Ottoman Gardens Through European Eyes

The floral genre of Iznik ceramics fascinated 16th-century European travellers. Their comments on the meaning of flowers and gardens in the Ottoman culture can help us understand why Iznik artisans favoured floral motifs.

To many European travellers, Ottoman floriculture was a newsworthy novelty. Pierre Belon du Mans, a herbalist who travelled in quest of plants throughout the Ottoman empire (1546-1549) in the entourage of the French ambassador to Süleyman the Magnificent, noted that,

There are no people who so much delight in beautiful flowers as the Turks, when they find a beautiful wallflower or some other graceful flower, even though it has no smell they do not prize it the less. We like to have bunches of different kinds of scented flowers mixed together, but the Turks care only for sight rather than smell, and like to have only one flower at a time. Even if they may have several different kinds of flowers it is their custom to wear only a single flower in the folds of their turban. Artisans commonly have several flowers of different colours in a jar of water in front of them, to keep them fresh in their beauty. And so the Turks think as much of their gardens as we do, and go to great trouble to get exotic trees, particularly those that have beautiful flowers, and grudge no money for the purpose.[1]

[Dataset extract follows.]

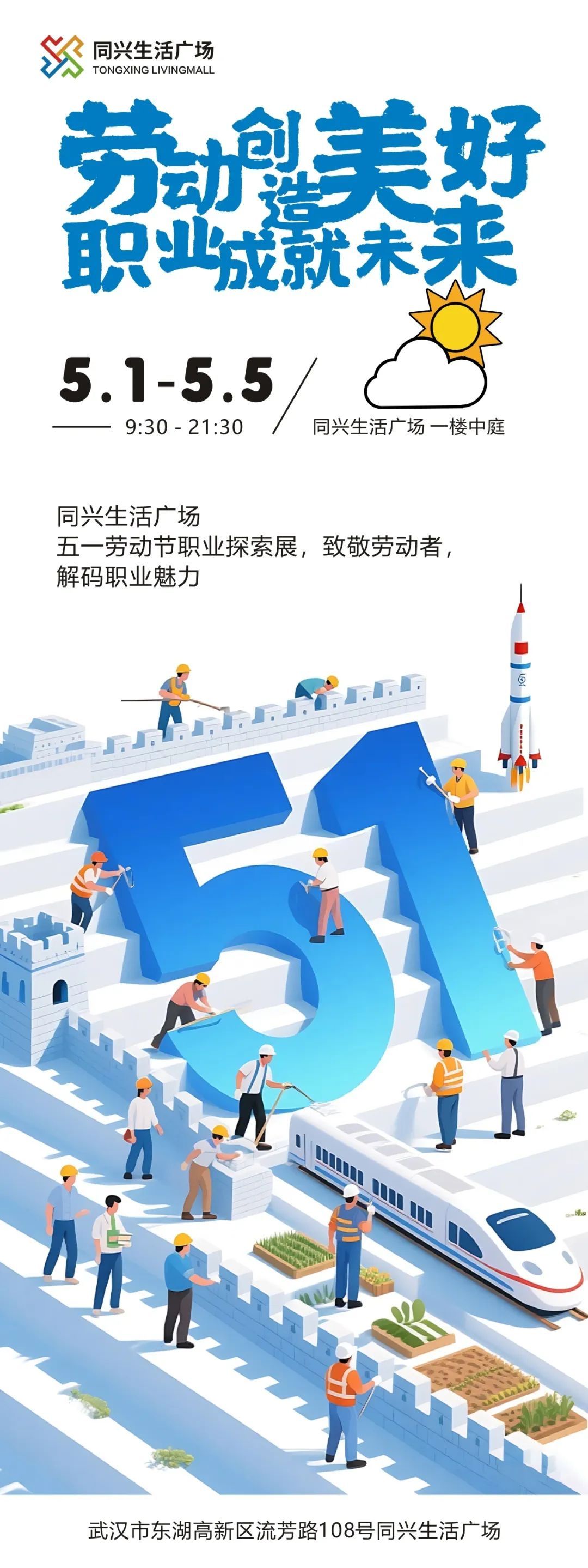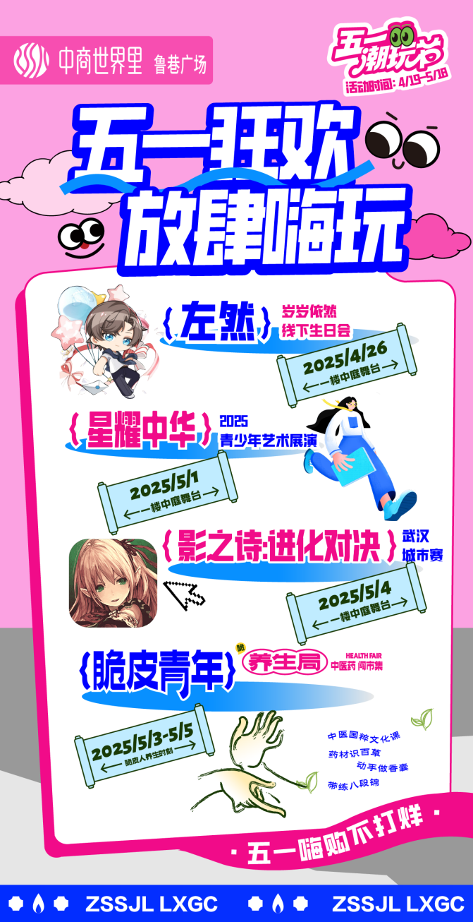 ????活动:(1)5月1日10:00-18:00,《星耀中华2025青少年艺术综合展演》;(2)5月3日-5日,脆皮青年养生市集:现场名医免费把脉,教学中医耳穴疗法,缓解失眠多梦,还有八段锦专业带练,中医香囊DIY,小小李时珍少儿研学等活动,带你感受中医国粹文化。(3)5月4日,《影之诗:进化对决》2025年城市赛武汉站。

Pierre Belon projected the Ottomans’ delicate tastes and passion for, beautiful flowers [which] are held in high esteem. Istanbul in the 16th century, according to Belon, was an international marketplace for knowledgeable horticulturists where, so many foreigners who come to Constantinople in ships from other countries bring with them roots of plants which have beautiful flowers and sell them in the markets, and from all the things that they bring they make money.

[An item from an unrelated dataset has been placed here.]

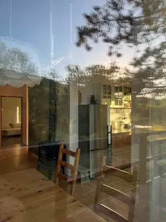 V obývací místnosti je možné sledovat přírodu a TV, ale nejhezčí program je k vidění v krbových kamnech :-)

Members of the guild of florists carrying vases of flowers at the festivities for the circumcision of Prince Mehmed, son of Sultan Murad III in the late 16th century.
Surname-ì Humayün (The book of Imperial festivities), written by famous court annalist Seyyid Lokman and Illustrated by Nakkaş Osman 1582.

Ottoman floriculture had a further notice from Ogier Ghiselin de Busbecq, a Flemish diplomat who resided in the Ottoman lands (1555-1562).[2]

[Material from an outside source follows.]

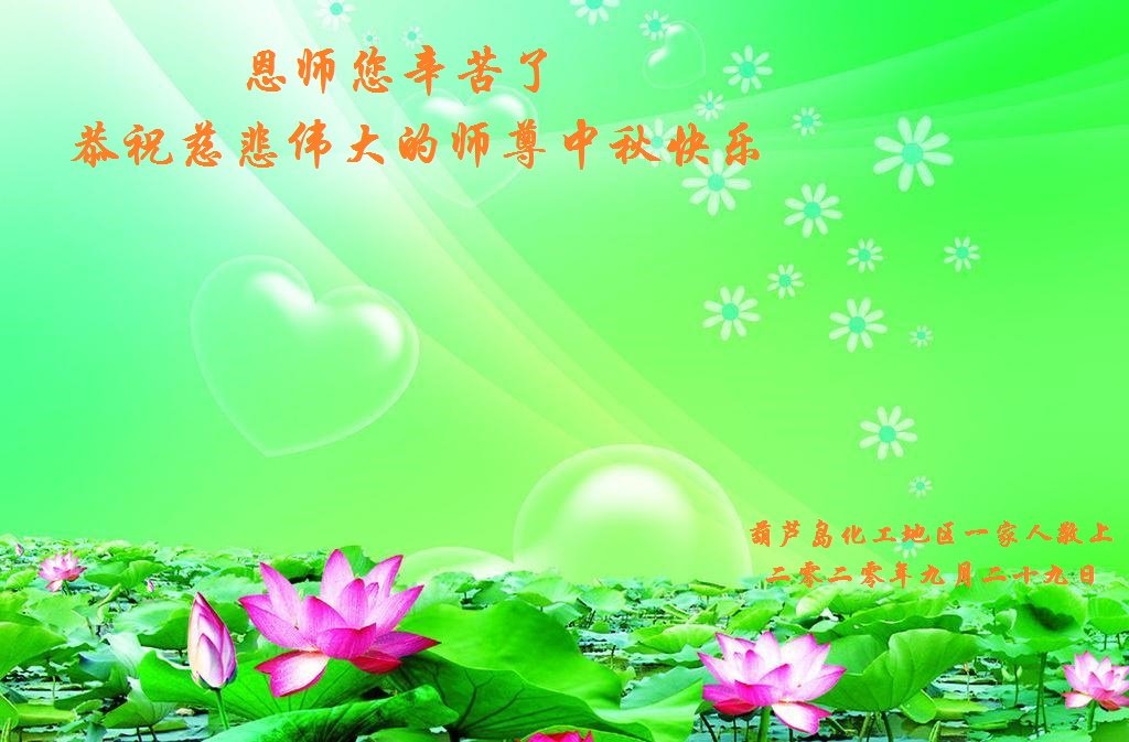 感恩师尊慈悲救度,师父您辛苦了! 辽宁葫芦岛市大法弟子及家属恭祝师尊中秋节快乐!

On his journey from Adrianople to Constantinople, de Busbecq wrote in his letters, we everywhere came across quantities of flowers -narcissi, hyacinths and tulipans, as the Turks call them. We were surprised to find them flowering in mid-winter, scarcely a favourable season. Busbecq also observed that the Ottoman do not allow rose-leaves to lie on the ground, because they think that the rose sprang from the sweat of Mahomet, just as the ancients believed that it came from the blood of venus.

References
[1]  Travels in the Levant: The Observations of Pierre Belon du Mans (1553). (ed.) Alexandra Merle. (trans.) James Hogarth. (UK: Harding Simpole). Chapter 51,  p. 469.
[2] The Life and Letters of  Ogier Ghiselin de Busbecq. (eds. and trans.) Charles Thornton Foster and F.H. Blackburne Daniell  New York: Cambridge University Press. Vol.1, Letter I, p. 107-110.